On integral of a function over a simplex Help w/the following general calculation and references would be appreciated.
Let $ABC$ be a triangle in the plane. 
 Then for any linear function of two variables $u$. 
$$
\int_{\triangle}|\nabla u|^2=\gamma_{AB}(u(A)-u(B))^2+
\gamma_{AC}(u(A)-u(C))^2+\gamma_{BC}(u(B)-u(C))^2,
$$
 where
$$
\gamma_{AB}=\frac{1}{2}\cot(\angle C),
\gamma_{AC}=\frac{1}{2}\cot(\angle B),
\gamma_{BC}=\frac{1}{2}\cot(\angle A).
$$
What is a good reference for the formula? Is it due to R. Duffin?
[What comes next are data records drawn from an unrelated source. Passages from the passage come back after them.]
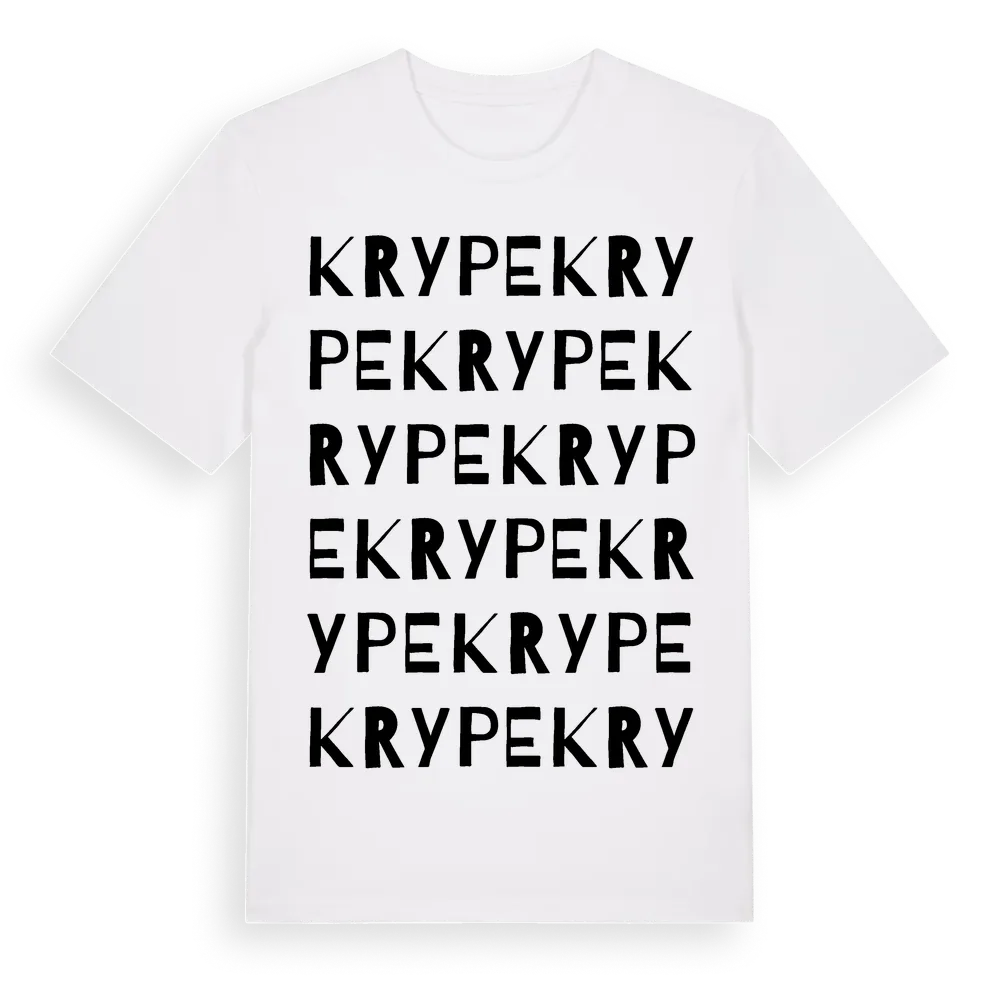 En ordlek byggd på Krypes namn. Subtilt och klurig – ett motiv som bara de som verkligen känner platsen fullt ut förstår. Premium bomull, unisex – från Krype i Gävleborgs län.
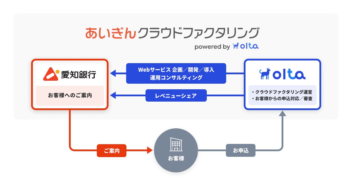OLTAと愛知銀行とのクラウドファクタリング事業における提携では、OLTAがWebサービスの企画・開発・導入および運用におけるコンサルティングを愛知銀行に提供し、愛知銀行は法人・個人事業主のお客様にサービスをご案内します。
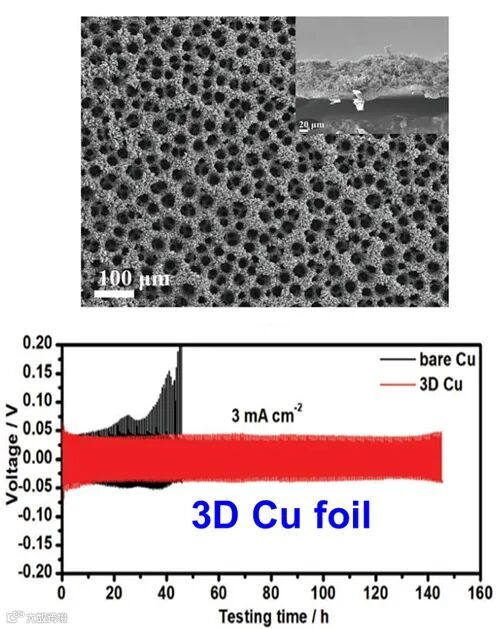 图2. 三维多孔铜箔及电化学性能表征
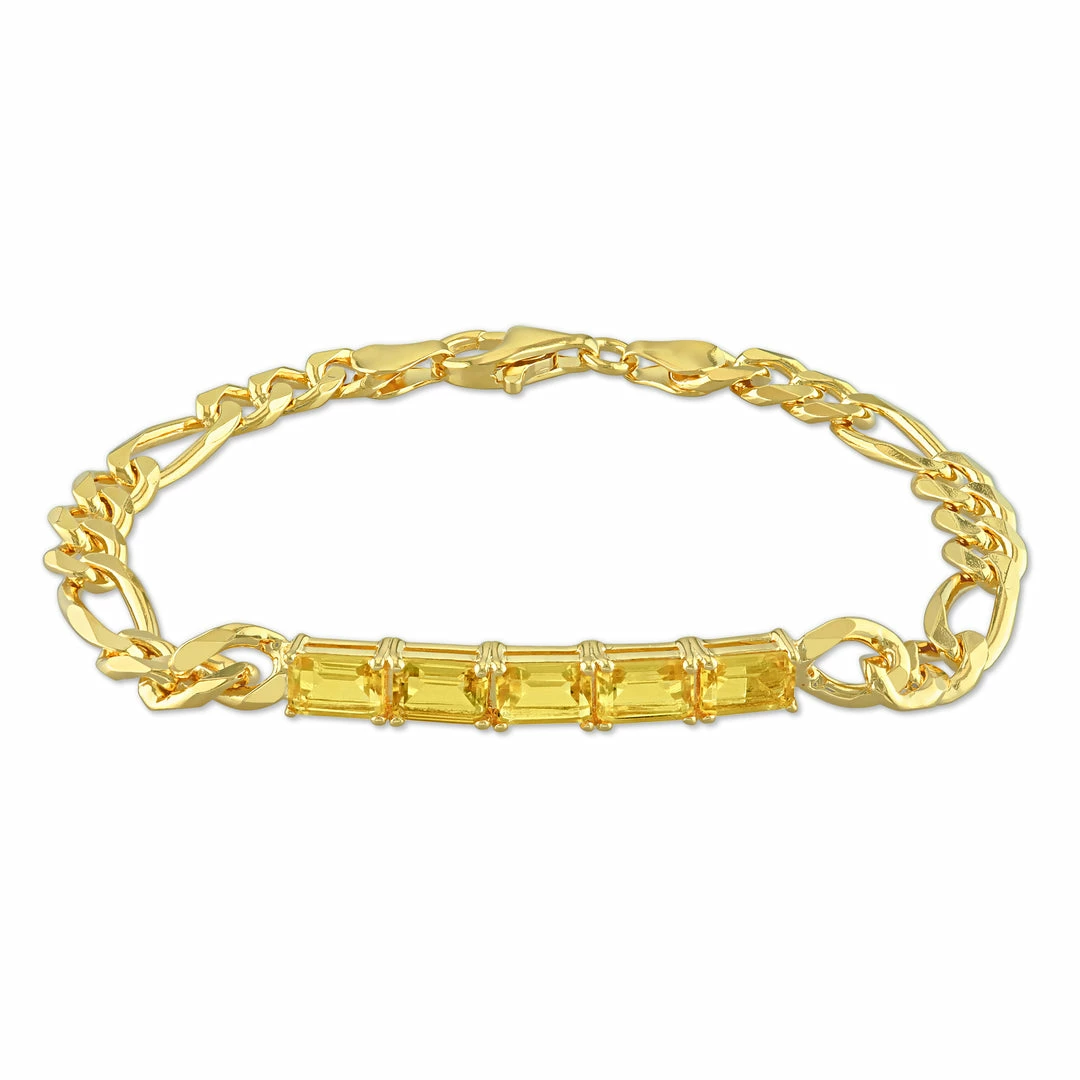 This elegant bar-tennis chain bracelet is crafted in sparkling yellow plated sterling silver. This bar bracelet features five octagon-cut, prong-set, glittering citrine gemstones that are beautifully embellished on the bracelet. This dazzling bar-tennis bracelet is suspended on 7.25-inch figaro chain and secures with a lobster clasp. Jazz up your outfit with this stunning bracelet.
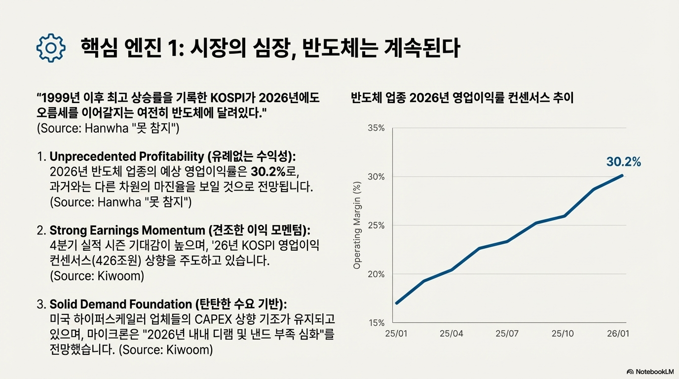1999년 이후 최고 상승률(+75.6%)을 기록한 2025년 KOSPI의 절대적인 동력이 반도체였음은 누구도 부정할 수 없습니다. 2025년 한 해에만 159.0%라는 경이적인 상승률을 기록했고, 2026년에는 유례없는 30.2%의 영업이익률이 전망되는 등 시장의 기대감은 최고조에 달해 있습니다. 하지만 이러한 장밋빛 전망 이면에는 반드시 인지해야 할 리스크가 존재합니다.
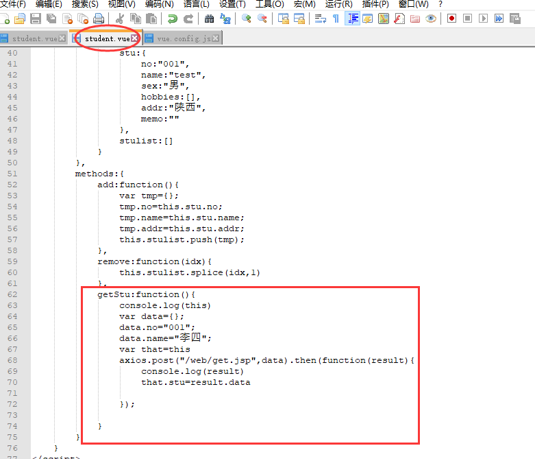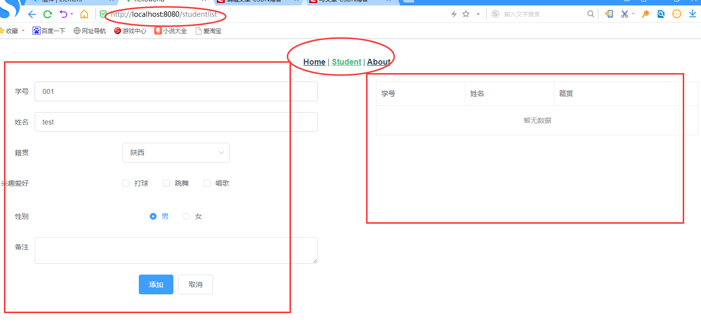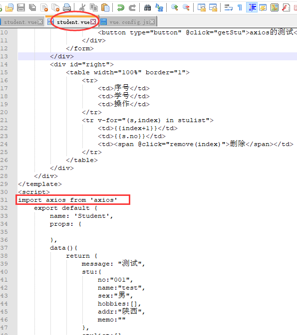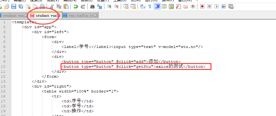 4 在student.vue里面添加测试代码
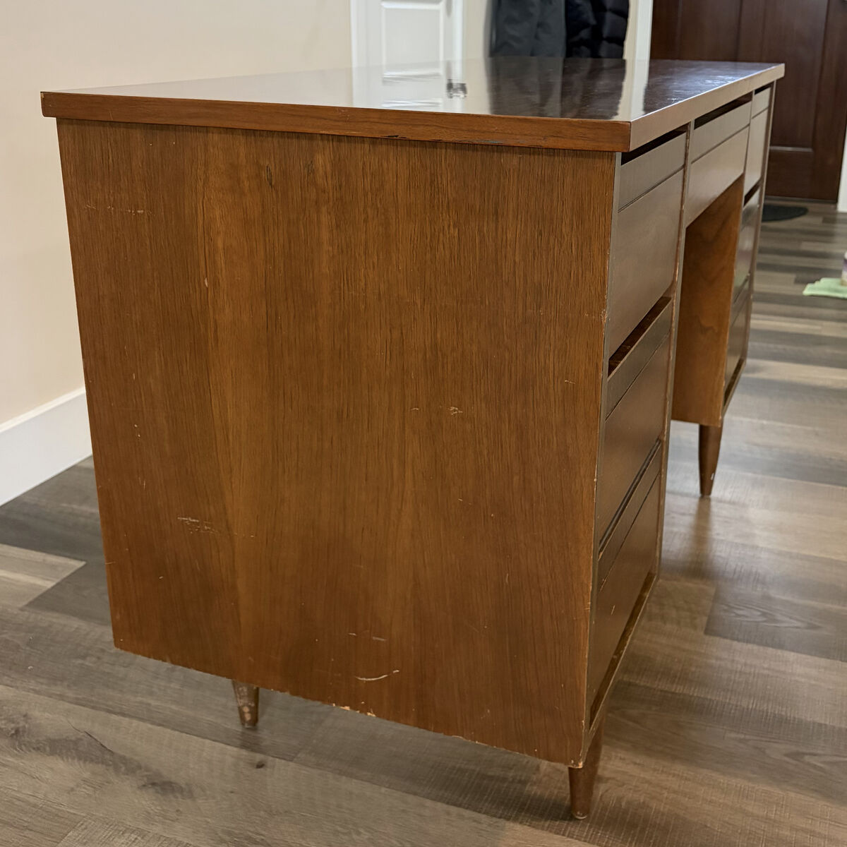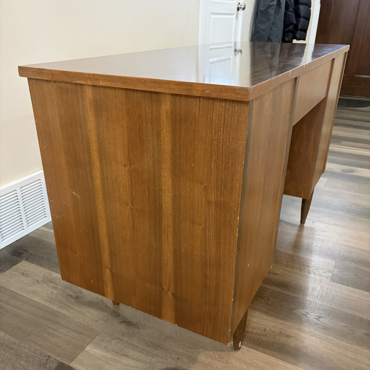 VenmoVintage mid-century modern desk. Featuring 5 drawers. One drawer is a filing cabinet. The legs twist on. Sturdy desk with minimal wear given its age.

Is there generalization to linear functions of three variables? The number of parameters fits (in any $nD$), and it seems like one needs to calculate 6x6 Cayley-Menger like determinants, but it's difficult and the geometric interpretation is not clear.
Thank you.
 A: The solution by @Shuhao Cao is nice. However it is too long to follow. There is a short way to do this. It is easy to check that $\int_{\Delta}|\nabla u|^2$ is invariant under translation  and rotation 
$$ x\to x+h,y\to y+k, x\to x\cos\theta-y\sin\theta,y\to x\sin\theta+y\cos\theta.$$
Thus we can take the coordinates of $A,B,C$ as
$$ A(0,0), B(x_B,0), C(x_C,y_C) $$
respectively, from which we obtain
$$ \cot A=\frac{x_C}{y_C}, \cot B=\frac{x_B-x_C}{y_C}, |\Delta|=\frac{1}{2}x_By_C. $$
From the identity 
$$ \cot A\cot B+\cot B\cot C+\cot C\cot A=1$$
we have
$$ \cot C= \frac{-x_Bx_C+x_C^2+y_C^2}{x_By_C}$$
Let $u=\alpha x+\beta y+\gamma$ and hence $|\nabla u|^2=\alpha^2+\beta^2$. So we have to show the following identity
$$ (\alpha^2+\beta^2)|\Delta|=\frac{1}{2}\alpha^2 x_B^2\cot C+\frac{1}{2}(\alpha x_C-\beta y_C)^2\cot B+\frac{1}{2}[\alpha (x_B-x_C)-\beta y_C]^2\cot A.$$
Note 
\begin{eqnarray*}
RHS&=&\frac{\alpha^2}{2}[x_B^2\cot C+x_C^2\cot B+(x_B-x_C)^2\cot A]\\
&&+\frac{\alpha^2}{2}y_C^2(\cot B+\cot A)+\alpha\beta[-x_Cy_C\cot B+(x_B-x_C)\cot A].
\end{eqnarray*}
It is easy to check
$$ y_C^2(\cot B+\cot C)=x_By_C,-x_Cy_C\cot B+(x_B-x_C)\cot A=0 $$
and 
$$ x_B^2\cot C+x_C^2\cot B+(x_B-x_C)^2\cot A=x_By_C. $$
Thus 
$$ RHS=(\alpha^2+\beta^2)|\Delta|=LHS. $$
A: Let $(x_k, y_k,z_k)$ be four points in 3D. Then for a linear function 
$$u(x,y,z)=Ax+By+Cz+D,$$ 
and
$$ x_{kl}=x_k-x_l, \dots $$
matching coefficients in the identity in question, one gets the following system of equations:
$$
\begin{pmatrix}
x_{12}^2 & x_{13}^2 & \dots & x_{34}^2 \\
y_{12}^2 & y_{13}^2 & \dots & y_{34}^2 \\
z_{12}^2 & \dots & \dots & \dots \\
x_{12}y_{12} & x_{13}y_{13} & \dots & \dots \\
x_{12}z_{12} & \dots & \dots & \dots \\
y_{12}z_{12} & y_{13}z_{13} & \dots & y_{34}z_{34} \\
\end{pmatrix}
\begin{pmatrix}
\gamma_{12} \\ \gamma_{13} \\ \dots \\ \dots \\ \dots \\ \gamma_{34}
\end{pmatrix} =
Vol_{\triangle} 
\begin{pmatrix}
1 \\ 1 \\ 1  \\ 0 \\ 0 \\ 0
\end{pmatrix},
$$
where
$$ x_{kl}+x_{lm}+x_{mk}=0, \dots $$
 Can these expression be simplified? Is there geometric interpretation of the solution?